● **Exercise brief**
Reproduced exactly, the lines from the start of the material through the line containing "Rustiek donkergrijs Welkom" should be the whole answer, with pictures excluded.

▼▼▼

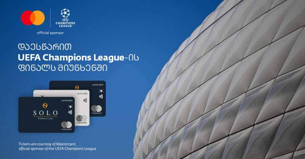 SOLO Mastercard World Elite ბარათის მფლობელებს, შესაძლებლობა აქვთ, ჩაერთონ გათამაშებაში და გაემგზავრონ მიუნხენში, UEFA-ს ჩემპიონთა ლიგის ფინალზე დასასწრებად.
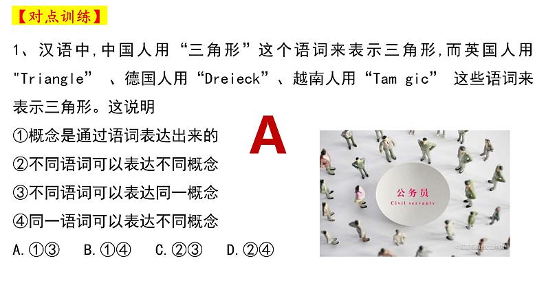 1、汉语中,中国人用“三角形”这个语词来表示三角形,而英国人用"Triangle” 、德国人用“Dreieck”、越南人用“Tam gic” 这些语词来表示三角形。这说明①概念是通过语词表达出来的 ②不同语词可以表达不同概念 ③不同语词可以表达同一概念 ④同一语词可以表达不同概念A.①③ B.①④ C.②③ D.②④
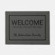 Rustiek donkergrijs Welkom Home Sweet Home deurmat. U kunt de tekst eenvoudig wijzigen en uw eigen naam toevoegen om de deurmat te personaliseren. Mooie deurmat om uw gasten te verwelkomen.
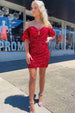 Mesmerizing in a gradient of different shades. Verity isn't just a dress; it's a mood. Dappled in radiant sequins. this dress is reminiscent of the night sky's brilliance. illuminating the night and your presence. The bodycon silhouette accentuates your form. while the off-the-shoulder short sleeves. coupled with a charming sweetheart neckline. create a sophisticated allure that's irresistible. Perfect for homecoming or a dazzling night out. Verity ensures that you don't just arrive; you make an entrance.
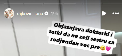 „Objašnjava doktorki i tetki da ne želi sesru za rođendan, već pre“, napisala je Ana.
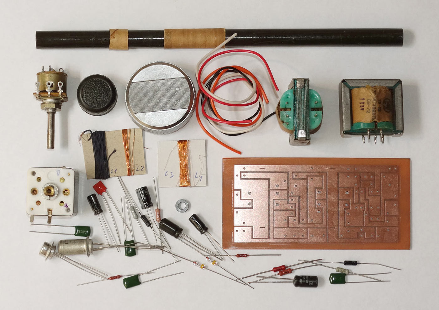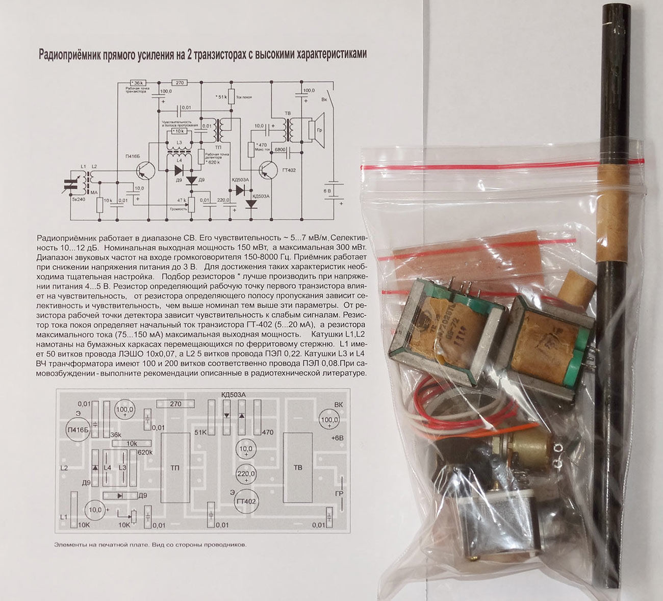 с электрической и монтажной схемами, радиодетали, печатная плата и комплектующие
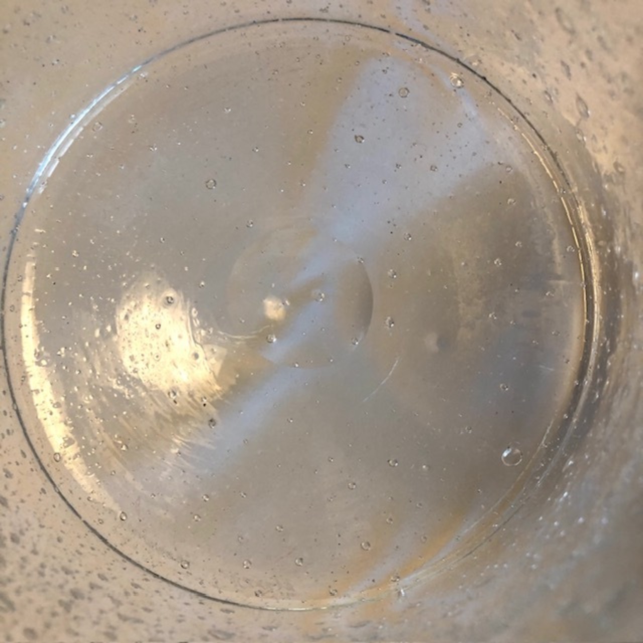 真上から見ると裏面からこちらに少し吸い上げられているようなフォルムですが程良いです。綺麗な状態です。※ガラス内部の小さなくもりの様な跡は製作跡と思われます。
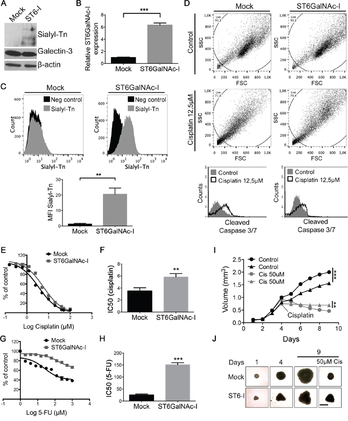 Figure 1: Sialyl-Tn confers chemotherapeutic resistance. A. Immunoblot of sialyl-Tn and galectin-3 in Mock and ST6GalNAc-I-overexpressing cells. β-actin was used as a loading control. B. mRNA levels of ST6GalNAc-I in Mock and ST6GalNAc-I cells. Values were normalized to β-actin. C. Flow cytometry histogram and mean fluorescence intensity (MFI) quantification of sialyl-Tn in Mock and ST6GalNAc-I cells. D. Flow cytometry dot plot and histogram of caspase 3/7 activation in Mock and ST6GalNAc-I-overexpressing cells undergoing apoptosis by treatment with cisplatin (12.5 μM). E-H. SRB assay showing the cells viability under the treatment of (E) cisplatin or (G) 5-FU and determined as a percentage of viable cells relative to control (cells with no drug treatment). F and H. are the average of IC50 values. I and J. (I) Growth curve of Mock (circle) or ST6GalNAc-I-overexpressing (triangle) cells spheroids. Cisplatin (50 μM) was added to spheroid culture and day 4 and the spheroid volume was measured until day 9. (J) Representative images of MKN45 spheroids at day 1, 4 and 9, Bar=400 μm). Data are representative or are the mean ± SEM of three independent experiments, **p < 0.01, ***p < 0.001.
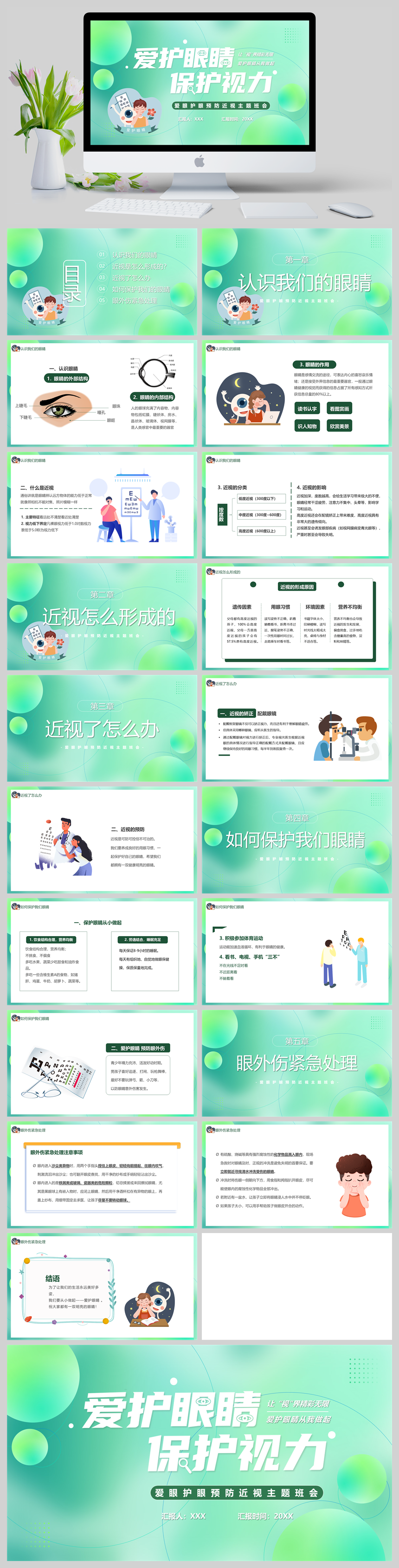 绿色渐变风爱护眼睛保护视力预防近视主题班会PPT模板

▲▲▲

● **Solution below**
 SOLO Mastercard World Elite ბარათის მფლობელებს, შესაძლებლობა აქვთ, ჩაერთონ გათამაშებაში და გაემგზავრონ მიუნხენში, UEFA-ს ჩემპიონთა ლიგის ფინალზე დასასწრებად.
 1、汉语中,中国人用“三角形”这个语词来表示三角形,而英国人用"Triangle” 、德国人用“Dreieck”、越南人用“Tam gic” 这些语词来表示三角形。这说明①概念是通过语词表达出来的 ②不同语词可以表达不同概念 ③不同语词可以表达同一概念 ④同一语词可以表达不同概念A.①③ B.①④ C.②③ D.②④
 Rustiek donkergrijs Welkom Home Sweet Home deurmat. U kunt de tekst eenvoudig wijzigen en uw eigen naam toevoegen om de deurmat te personaliseren. Mooie deurmat om uw gasten te verwelkomen.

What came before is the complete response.